Copy exactly. Include the line containing "定义 2.6.1:给定平面上 \(n\)", every line after it, and the last line below, but no pictures.

## Collected material
◆ ◆ ◆

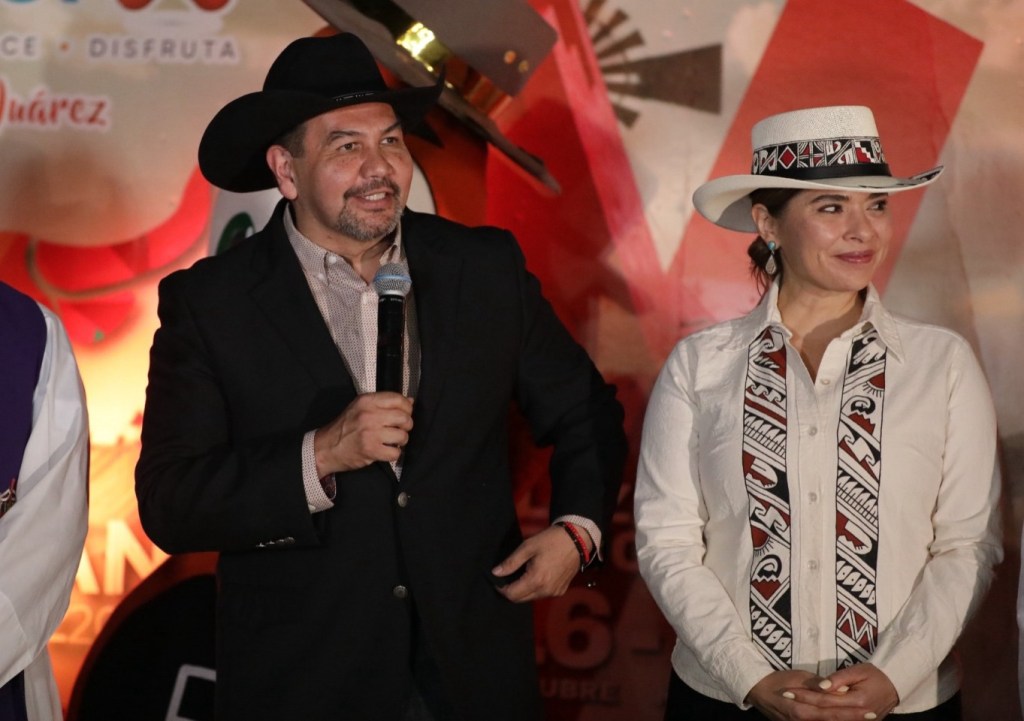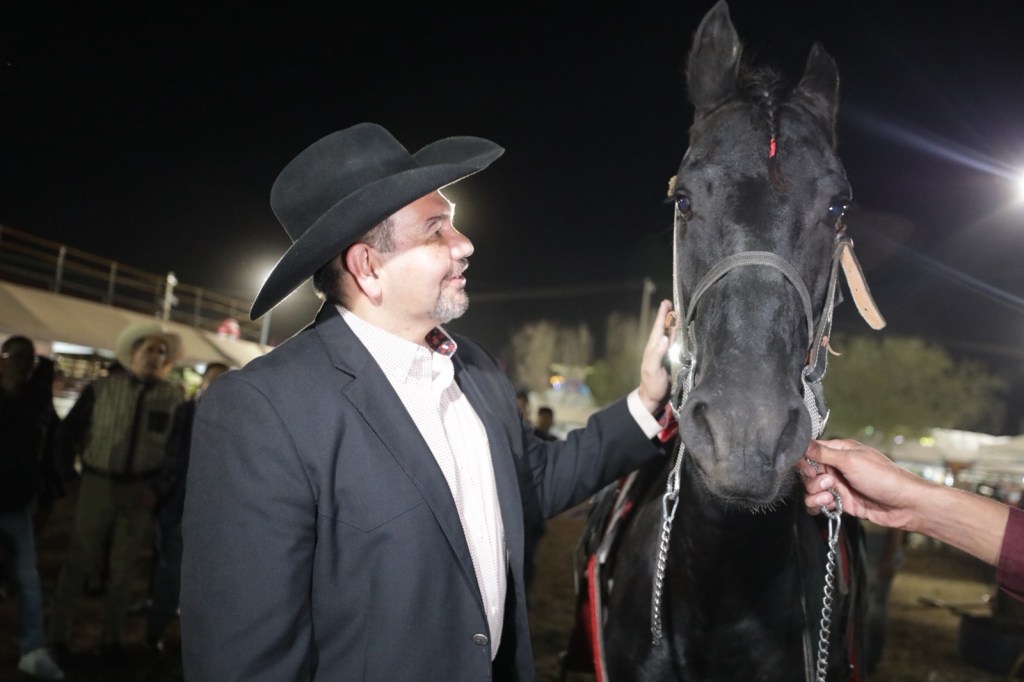 En el acto, Pérez Cuéllar recorrió las exhibiciones de ganado vacuno y convivió con productores locales, acompañando a los organizadores y representantes de asociaciones ganaderas de Juárez y Chihuahua.
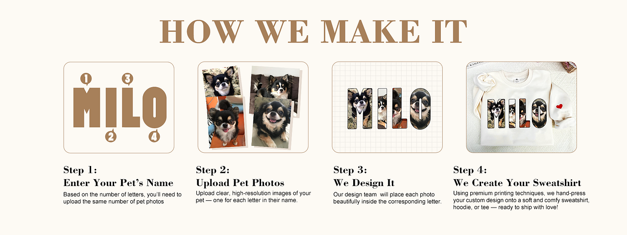 🐾 How It Works – Your Custom Pet Name Sweatshirt in 4 Easy Steps
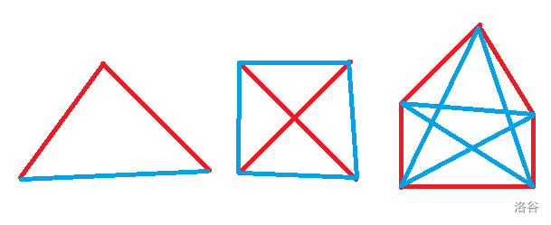 定义 2.6.1:给定平面上 \(n\) 个点,用线段将这些点连接起来,这样的图成为 \(K_n\) 图,要求任意两点之间均有边,则共有 \(C_n^2=\dfrac{n(n-1)}2\) 条边。
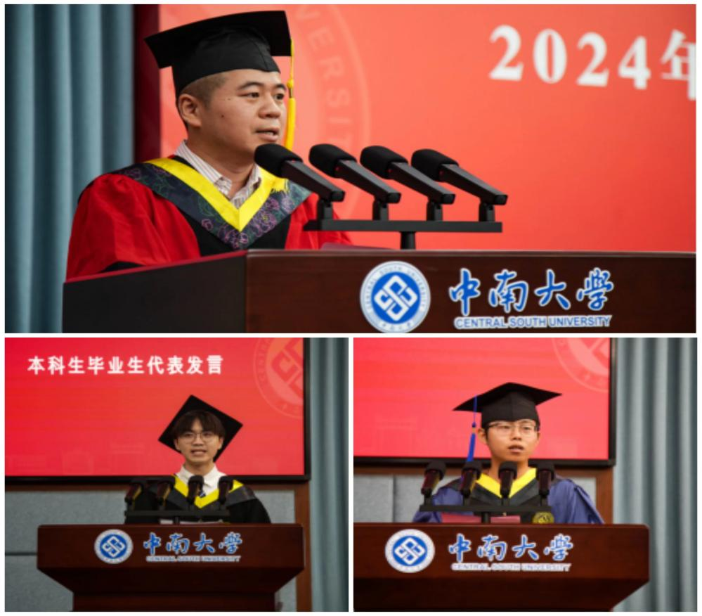 李坊朴和谭汉同学分别作为本科和研究生毕业生代表讲话,恳切的言辞中饱含对师友的感恩、对母校的不舍以及对前途的期许。教师代表林杭教授寄语毕业生将所学知识应用于未来的社会实践中,回馈社会,成为推动社会进步的力量,并深情表示学校和老虎机种类

◆ ◆ ◆

## Response
 定义 2.6.1:给定平面上 \(n\) 个点,用线段将这些点连接起来,这样的图成为 \(K_n\) 图,要求任意两点之间均有边,则共有 \(C_n^2=\dfrac{n(n-1)}2\) 条边。
 李坊朴和谭汉同学分别作为本科和研究生毕业生代表讲话,恳切的言辞中饱含对师友的感恩、对母校的不舍以及对前途的期许。教师代表林杭教授寄语毕业生将所学知识应用于未来的社会实践中,回馈社会,成为推动社会进步的力量,并深情表示学校和老虎机种类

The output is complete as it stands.